Все шли на свет, я шёл на смерть. Все мечтали побыстрее повзрослеть, А я мечтал на этот поезд не успеть.
Каждый раз, когда он вот так просыпается, создается впечатление, будто по самую макушку погруженный в студеную, покрытую мелкими льдинками воду, утянутый на дно невесть чем, но явно чем-то многовековым и могущественным, может даже клыкастым, покрытым чешуей и щупальцами — чем-то, о чем в мифологиях есть легенды и сказания, заканчивающиеся апокалипсисом; и вот он, с таким всем сцепившийся и проигравший, наконец, всплывает, разменивая возможность спокойно скончаться на продолжительную жизнь: каждое его такое пробуждение — шумное, болезненное, явно нездоровое — маленький бой со смертью, в очередной раз выигранный, желает он того или нет. Баки садится на край кровати, спустив вниз подрагивающие спазмическими сокращениями ноги, упирает локти в колени и ждет; сидит, даже не дышит, чтобы еще больше шума не наделать. Не оборачивается, опасаясь столкнуться с ее обеспокоенным взглядом — взглядом той, что отчего-то готова ринуться за ним в самое адское пламя, если он решит туда прогуляться. Взгляд обреченной на всякое потому, что дорогой ей человек выбрал ту же учесть: но он выбирал, а она выбора была лишена. Не оборачивается. Ждет, пока тело перестанет колотить, и только потом встает, уходит в другую комнату, понимающий, что сможет лавировать между всякими тумбочками и столиками и не расшибет пальцы о дверные проемы; в любую комнату, но чем дальше, тем лучше. Чаще всего это кухня или ванная, потому что там есть кран и холодная вода, и возможность смыть с лица ощущение горячих вязких брызг — верных спутниц выстрела в голову. Он какое-то время просто стоит; за окном простирается ночь, горящие внизу фонари высвечивают кружащие в воздухе робкие снежинки — мелкие, колкие, злые. Стоит и думает, что он такой же — злой и колкий, только не мелкий — два попадания из трех. Еще, конечно, холодный — уж точно холодный в левой половине своего тела. Баки поднимает взгляд, всматривается в собственные глаза, отраженные в стекле: а слева не только рука, но еще и, по всем законам анатомии, сердце.Молодость моя, часть бессонных ночей, в которых я ничей.

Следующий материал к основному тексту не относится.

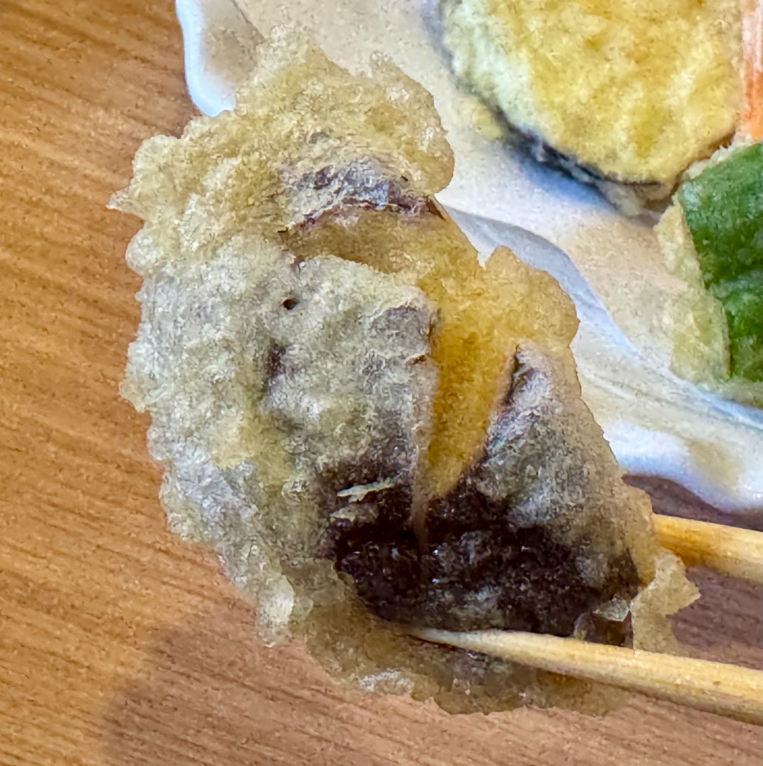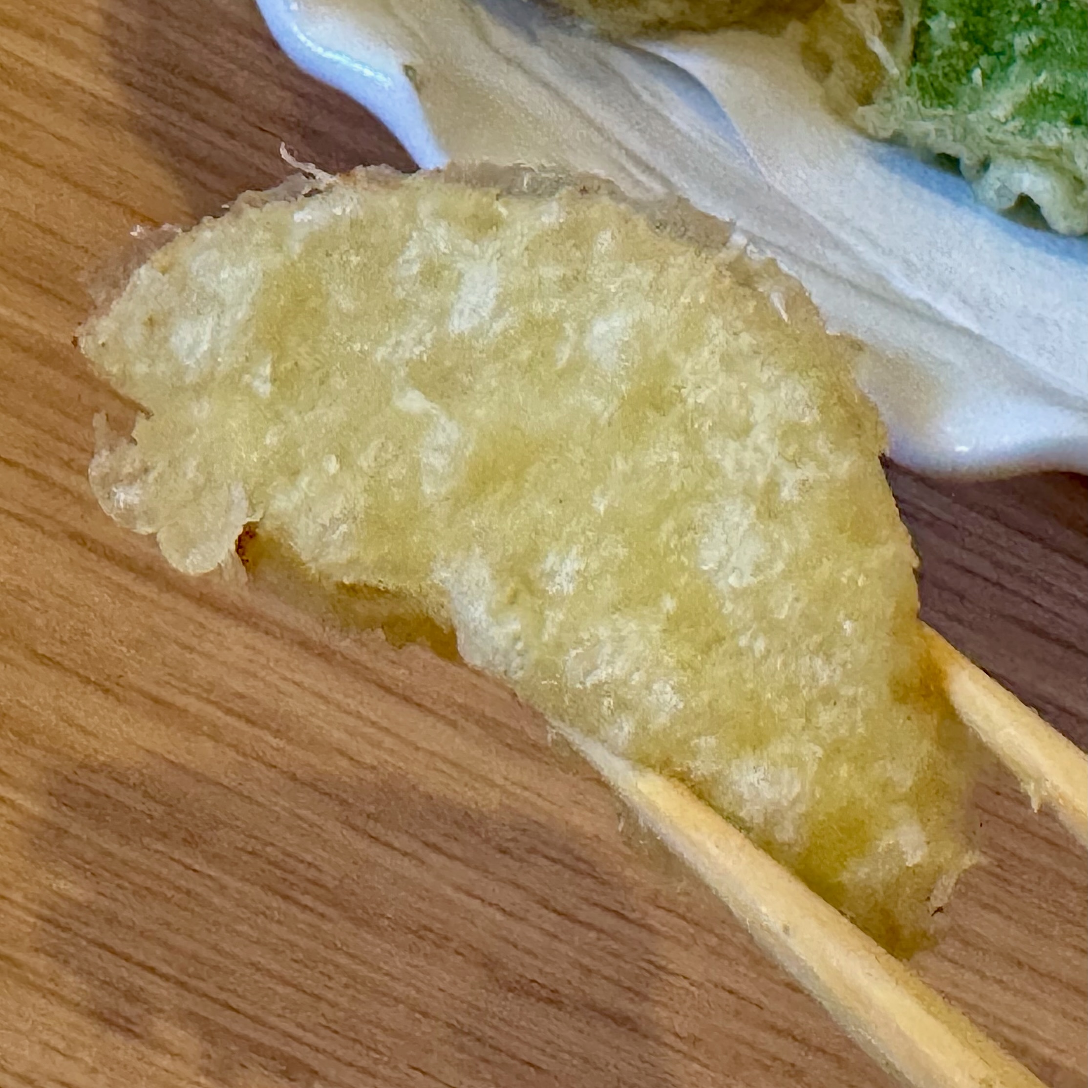 油のキレが良く、塩で食べても天つゆで食べても重さが残らないため、鯛茶と一緒にいただいても最後までおいしく完走できるバランスになっています。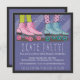 Skates divertidos e divertidos em padrões e bolinhas estão rolando neste brilhante e colorido convite de aniversário de patins.

Если ты решил меня убить, мой друг, я умоляю, будь точней.
Внизу бродит какой-то такой же, как и он, полуночник, может только гуляет, а не страдает кошмарами, раз за разом вынуждающими метаться загнанным в ловушку зверем и искать спасения от сковывающего ощущения, что пропал — и что пал. Баки улавливает силуэт, движение на фоне золотистой фонарной бляхи; улавливает и другое движение — ему даже не надо оборачиваться, чтобы заметить; чтобы почувствовать себя виноватым за ее вымученное и раннее пробуждение. Не поворачиваясь, склоняет голову, упираясь ладонями в кухонную тумбу; лопатки, точно остовы обрубленных крыльев, остро обозначаются на покрытой испариной коже; крыльев, которых он никогда не имел. — Прости. Она тянется к выключателю, хочет проложить меж ними дорожку света, развеяв густую темноту — ему самому удивительно и страшно, и мерзко от того, как он все эти мельчайшие звуки улавливает. Быстрый, сильный, с механизированной рукой; тело на пределе возможностей — уже даже не человеческих. А если не человек, то машина — практически передовая кофемолка, блендер новейшей модели. Свет она так и не включает. Подходит к нему со спины, пробирается тонкими теплыми руками, обхватывает его крепкое тело, прижимаясь щекой к напряженной спине — ластится, точно кошка; такие иногда встречаются на жестоких одиноких улицах — льнут к тебе, сколько бы мир не учил их, что нога может крепко ударить по ребрам. — За что? Хочется ответить, что за все, вместив в исчерпывающее словечко каждую червоточину и изъян, и то, что раз за разом обращает ее спокойную размеренную жизнь в череду испытаний на прочность — за то, что связано с ним одним; но единым словом просить прощения вообще за все — гадкое человеческое качество. Баки усмехается, той своей рукой, что чаще бывает теплой, накрывает ладошки, умостившиеся на его солнечном сплетении. — Я разбудил тебя. — Меня разбудил холод.Мы снова разобьемся, чтобы утром подлечиться — это шанс. Если ты решила бросить всё, бросай сейчас, тебе пора бежать.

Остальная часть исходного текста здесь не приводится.